For the five MSRs showing very strong evidence for multimodality, it is for MSR5p, RNU2 and D4Z4 (10q) also likely that this multimodality shows equidistant intervals between the modes. The location of the modes and the distance of the intervals between the modes vary depending on the populations and the MSR. The unequal location of the modes can still indicate the remnants of a founder effect, where the newly rearranged alleles originate from the ancestral ones and form a distribution around the size of the ancestral allele. During this process, arrays with energetically more favorable sizes are more frequently produced, since a higher order chromatin structure is imposed upon the MSR limiting its variation in array length. Thus, it seems that each MSR is organized in its own specific way, constrained by its own minimal array size. However, seven MSRs show multimodality and at least three of those also show equidistant intervals between the modes, suggesting a more universal organization of MSRs in our genome where they are arranged into higher order chromatin structures.

By applying Bayesian statistical methods in our study, we were able to perform a powerful analysis concerning multimodality in the MSR size distributions. Since the Bayesian analysis of flexible mixtures of (shifted) Poisson distributions allowed us to estimate the posterior probability without the necessity of making assumptions beforehand, it is a promising method to implement into future studies on frequencies of CNVs or gene expression.


In this study we found substantial evidence of heterogeneity, multimodality and equidistant modes in the MSR array size distributions that were investigated. Considering that MSRs are large repeat arrays, highly dynamic and polymorphic and covering large regions of the genome, it is imperative to get a better understanding of their structure and function.
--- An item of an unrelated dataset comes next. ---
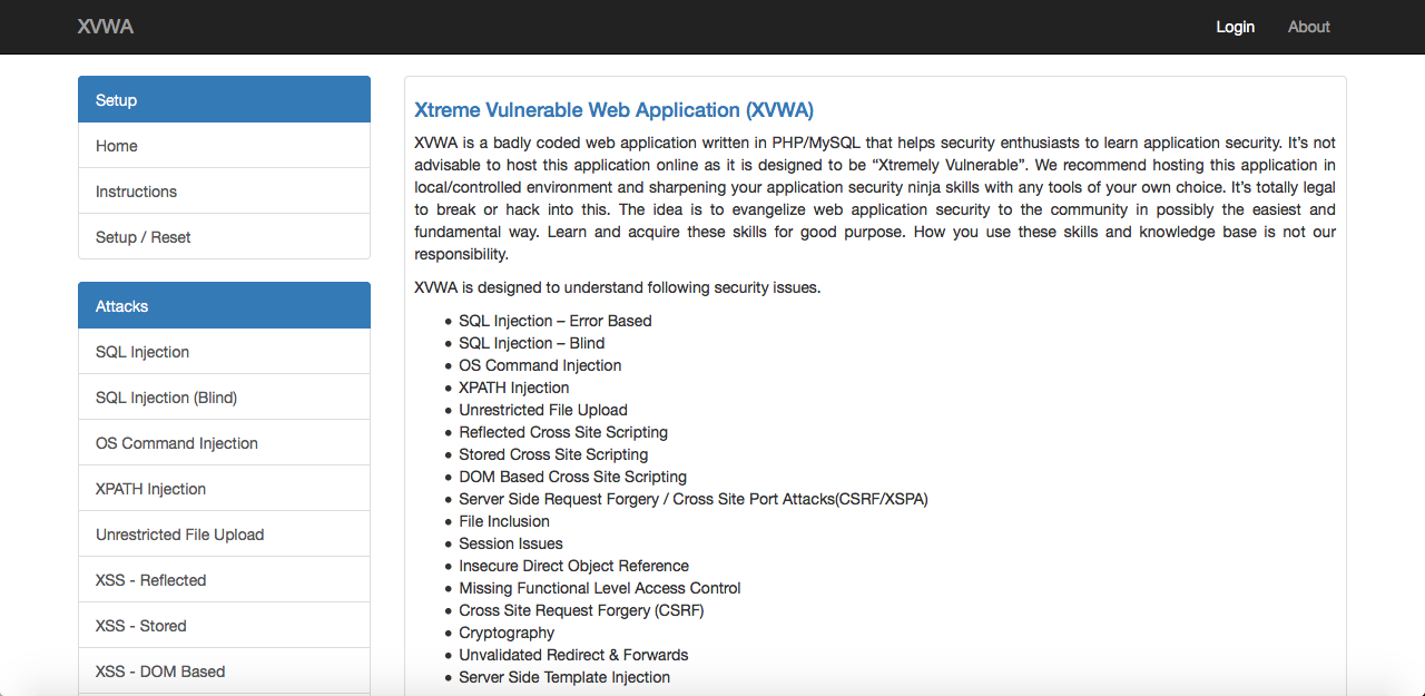 XVWA is intentionally designed with many security flaws and enough technical ground to upskill application security knowledge. This whole idea is to evangelize web application security issues. Do let us know your suggestions for improvement or any more vulnerability you would like to see in XVWA future releases.

Indeed, resolvement of the structural variation in the human genome, in particular this extreme form of copy number variation, can provide valuable insight into the mechanism of human genomic diseases.


DNA samples

For studying MSR length variation we used 270 human DNA samples from four populations of the International HapMap project: Utah residents with ancestry from Northern and Western Europe (CEU), Han Chinese individuals from Beijing, China (CHB), Japanese individuals from Tokyo, Japan (JPT) and Yoruba individuals from Ibadan, Nigeria (YRI) [30]. DNA was isolated from lymphoblastoid cell lines, obtained from the NIGMS Repository at the Coriell Institute for Medical Research (Camden, NJ, USA) [31]. For analyses, we considered the Chinese and Japanese individuals as one Asian population (ASN). This collection consists of 45 unrelated Chinese and 45 unrelated Japanese individuals, while Caucasian and African populations consist of 30 father-mother-child trios. Except for investigating mitotic and meiotic instability, the children of each trio were removed from the data set.

Repeat array sizing

DNA sequences of the MSRs in the human genome were downloaded from the UCSC genome browser (Hg18 assembly) [32] and annotations were taken from GenBank [33]. The GenBank accession numbers of the macrosatellite repeat sequences are D38378 (RS447), AC106774.2 and AC113415.3 (MSR5p), AL353652.17 (FLJ40296), AC087365.3 (RNU2), S60754.1 (DXZ4), AL670379.17 (CT47), U85056.1 (D4Z4 (4q)) and AL732375.18 (D4Z4 (10q)). Primers were designed using RepeatMasker [34] and Primer3 [35] and ordered from Biolegio (Nijmegen, the Netherlands) (Additional file 2: Table S1). The probes were checked for specificity with NCBI Blast [36]. To assure high quality DNA, cells were embedded in agarose, treated with sarkosyl (1%) and pronase (20 mg/ml) and stored as plugs in 0.5 M EDTA at 4°C. Before use, plugs were equilibrated in TE-4 and the appropriate restriction enzyme buffer. For RNU2, DXZ4 and CT47 DNA samples were digested with EcoRI, while HindIII was used for MSR5p and FLJ40296 arrays and BamHI for RS447. Digestion and hybridization for D4Z4 array sizing was performed as described previously [37]. DNA fragments were separated by pulsed-field gel electrophoresis (PFGE) on a 0.8% agarose gel. After digestion and gel electrophoresis, DNA was transferred to a Hybond XL membrane (GE Healthcare) by Southern blotting. The DNA was cross linked to the membrane by the Stratagene UV Stratalinker 1200 using autocrosslink setting. The membrane was hybridized with the 32P labeled probes in a buffer containing 0.125 M Na2HPO4 (pH 7.2), 10% PEG6000, 0.25 M NaCl, 1 mM EDTA, and 7% SDS for 16-24 h at 65°C. Washing conditions are described in Additional file 2: Table S1. All membranes were exposed for 48 hours to phosphor-imager screens and analyzed with Image Quant software (Molecular Dynamics).

Statistical analyses

The estimated repeat array sizes in kb obtained by PFGE were converted to the total number of repeat units in the array based on the DNA sequence from the UCSC genome browser. Normality tests, skewness and kurtosis were calculated using NCSS97. StatXact 4 (Cytel Software) was used to determine gender differences by Wilcoxon Mann-Whitney exact test with Monte Carlo simulation (10,000 randomizations). The chromosomes of individuals containing gonosomal rearranged repeat arrays were removed from the sizing analysis.

Genetic heterogeneity

In order to analyze whether the observations from the three populations stem from the same probability distribution, we investigated whether there are significant differences between the empirical distributions for each population for every MSR separately. For this, a standard test (using the Cramér-von Mises statistic) was applied to determine whether the empirical cumulative distribution function (CDF) differs significantly between the three populations and the aggregate population [38, 39]. We also tested for significant differences between the sample means, using a bootstrap based robust t-test that is also reliable in case of non-normally distributed data.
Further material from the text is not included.